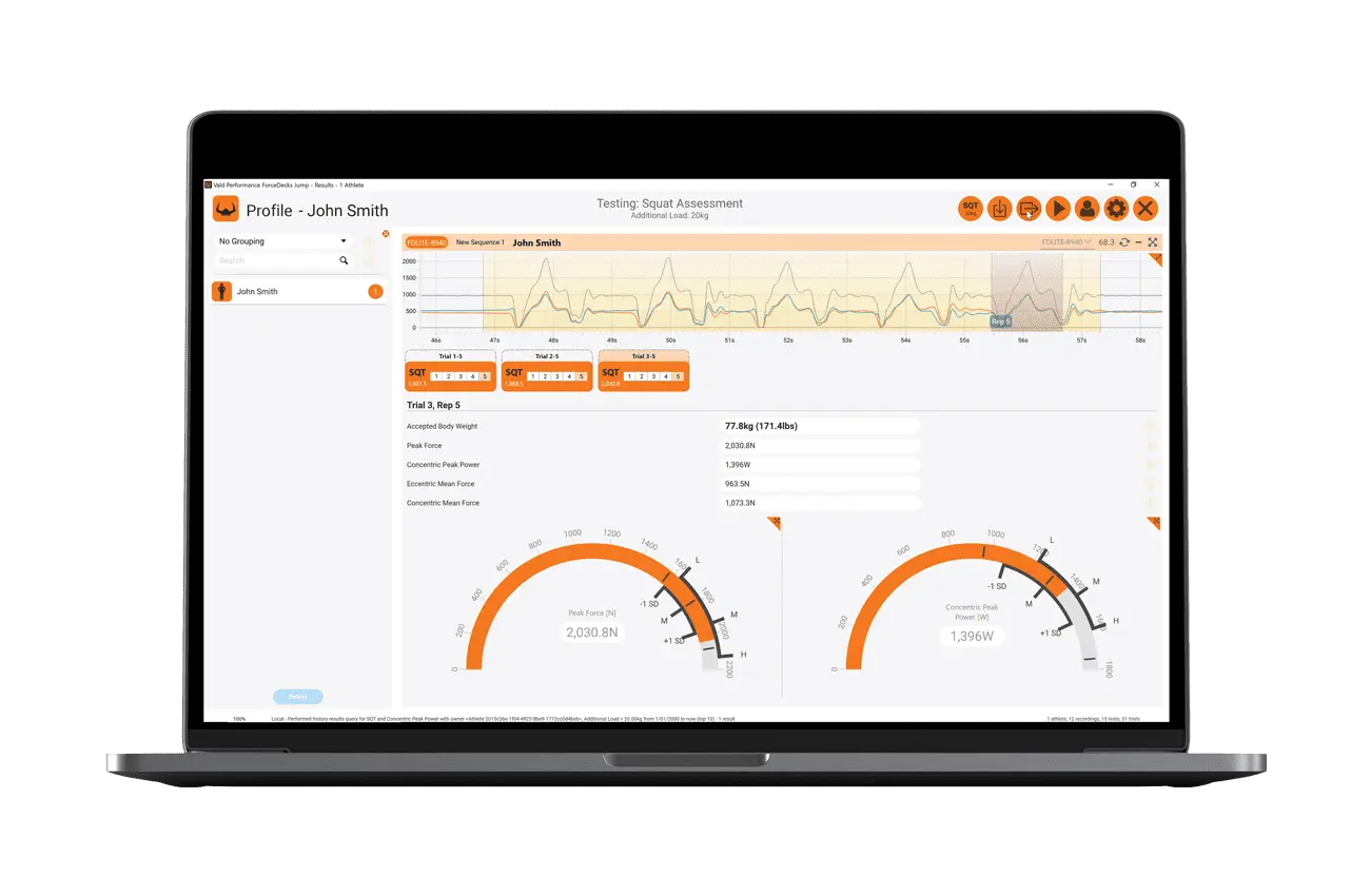 - Automatic detection and analysis of over 15 force plate tests, including squat assessment.
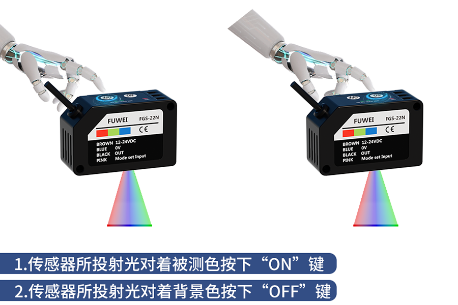 Mod Warna Ketepatan Tinggi: Tukar kepada mod ini apabila anda memerlukan pembezaan perbezaan warna yang sangat halus. FGS-22 secara serentak menerangi LED warna utama R (Merah), G (Hijau), dan B (Biru). Ia mengenal pasti warna dengan menganalisis nisbah tepat warna RGB dalam cahaya yang dipantulkan daripada objek. Teknologi penderia warna termaju ini berkesan mengatasi gangguan cahaya ambien dan variasi tekstur permukaan, mencapai pengenalpastian warna kompleks yang sangat boleh dipercayai. Ia sesuai untuk aplikasi berketepatan tinggi seperti penggredan kualiti produk dan pemeriksaan perbezaan warna cat.
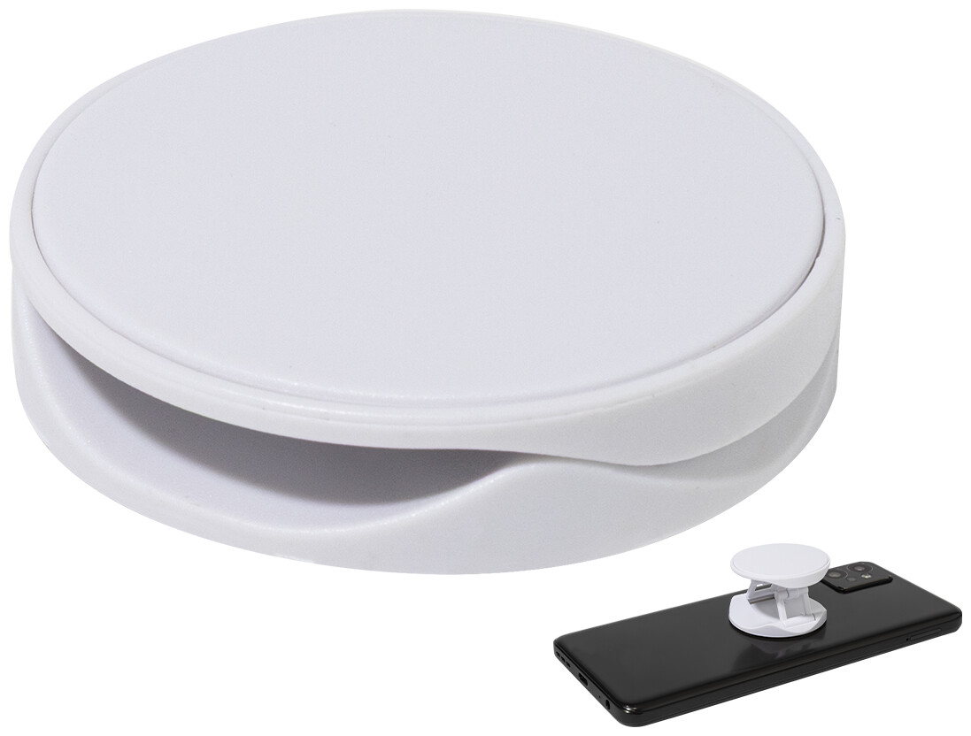 Kulatý držák na mobil z recyklovaného ABS se samolepicí základnou.

◆ ◆ ◆ ◆ ◆ ◆ ◆

■ **Task item**:
Print all of the material exactly. Omit pictures.

■ **Completed exercise**:
 - Automatic detection and analysis of over 15 force plate tests, including squat assessment.
 Mod Warna Ketepatan Tinggi: Tukar kepada mod ini apabila anda memerlukan pembezaan perbezaan warna yang sangat halus. FGS-22 secara serentak menerangi LED warna utama R (Merah), G (Hijau), dan B (Biru). Ia mengenal pasti warna dengan menganalisis nisbah tepat warna RGB dalam cahaya yang dipantulkan daripada objek. Teknologi penderia warna termaju ini berkesan mengatasi gangguan cahaya ambien dan variasi tekstur permukaan, mencapai pengenalpastian warna kompleks yang sangat boleh dipercayai. Ia sesuai untuk aplikasi berketepatan tinggi seperti penggredan kualiti produk dan pemeriksaan perbezaan warna cat.
 Kulatý držák na mobil z recyklovaného ABS se samolepicí základnou.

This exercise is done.